17 Aug Unis warned on Chinese influence
Saturday 17 August – Max Koslowski & Nick Bonyhady – The Sydney Morning Herald
Four Liberal MPs have warned that the Chinese Communist Party holds too much influence over Australian universities, adding their voices to a growing chorus of federal politicians looking to reassess the government’s China strategy.
Thousands of pro-democracy and pro-Communist Party protesters clashed in capital cities on Friday night following an unprecedented week of rising tensions in Hong Kong.
Queensland senator Amanda Stoker, freshman Sydney MP Dave Sharma, and Victorian backbenchers Tim Wilson and James Paterson warned that university administrators must remain vigilant to ensure not only free speech is protected when managing the clashes, but national security as well.

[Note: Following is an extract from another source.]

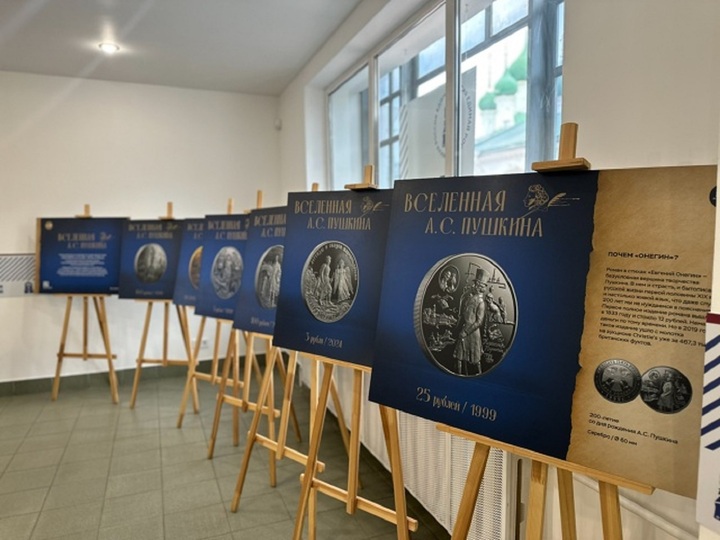 В экспозиции будут представлены увеличенные фотографии юбилейных монет с изображением А.С.Пушкина, выпущенных Банком России.

Senator Stoker and Mr Wilson are members of the powerful Parliamentary Joint Committee on Intelligence and Security.
It comes after Education Minister Dan Tehan on Saturday urged universities to subscribe to the model free speech code proposed by former High Court chief justice Robert French in his government-commissioned review released this year.
Senator Stoker said universities were battling through a “crisis of leadership” on foreign influence.
“[There is a] reluctance in their administrations to defend the rights of non-CCP aligned students who dare to speak out against Beijing; it is legitimate to ask questions about how China came to have so much influence in these institutions,” she said.
This month, The Sydney Morning Herald and The Age revealed one student’s account of his family in China being approached by authorities after he participated in a pro-democracy Hong Kong protest in Brisbane.
Mr Sharma said he was concerned “some universities have become a little too dependent on foreign university students as a source of revenue” and may be favouring short-term financial interests over long-term national security concerns.
“It’s a good thing that Chinese students are getting exposed to our way of thinking, and an appreciation for the freedoms and liberty we have here,” he said. “We’ve seen that debates and lectures have been shut down or silenced because they don’t agree with the mainland Chinese world view.
“That’s something we need to guard against.”
More than 700,000 international students study in Australia – the backbone of the country’s $17 billion education export sector – of which more than one in four students are Chinese.
Victorian senator James Paterson said recent restlessness in Hong Kong had shone a spotlight on the foreign influence risks at Australian universities.
“I’ve been concerned for some time about attempted foreign interference in Australian universities, both as a by-product of the hunger for international students and more deliberate efforts at influence,” he said.
“Our universities must understand their obligation to ensure the values we espouse as a nation are upheld on campus too, including free speech, the right to protest and academic freedom.
“It’s also vital that our foreign influence laws are complied with in both letter and spirit.”
Mr Wilson agreed, saying Australia must “keep a watchful eye that universities not become a vehicle for foreign governments to exercise soft influence in Australia”.
The four Liberals join Andrew Hastie, chairman of the Parliamentary Joint Committee on Intelligence and Security, who recently argued “choices will be made for us” unless Australia revisited its approach to China.
Thousands of protesters attended rallies in Sydney, Melbourne, Brisbane and Adelaide on Friday night days after Hong Kong students in Australia said further violent clashes with pro-China students were likely.
Australian National University and the University of Technology Sydney placed security guards at pro-democracy “Lennon Walls” – named after a Cold War-era wall in the Czech Republic where dissidents wrote messages inspired by the Beatles singer John Lennon – after several were dismantled by pro-Party Chinese students.
The University of Sydney said Chinese international students were integral to campus life and Australia’s foreign interests.
“We are proud of the contribution our international students make to the academic and cultural life of the university, including our students from China,” a spokeswoman said.
“We believe international students serve a key role in Australia’s foreign policy agenda. Australia and the world require graduates who are not just technically competent but who can become the leaders our societies need – global citizens.”
An Australian National University spokesman said the university wouldn’t tolerate violence or harassment on campus.
“ANU is a community of diverse backgrounds and many different views and experiences. Each member of our community is entitled to share their views, and to disagree with the views of others. We expect, however, that this contest of ideas will remain respectful even in the midst of the most robust of debates.”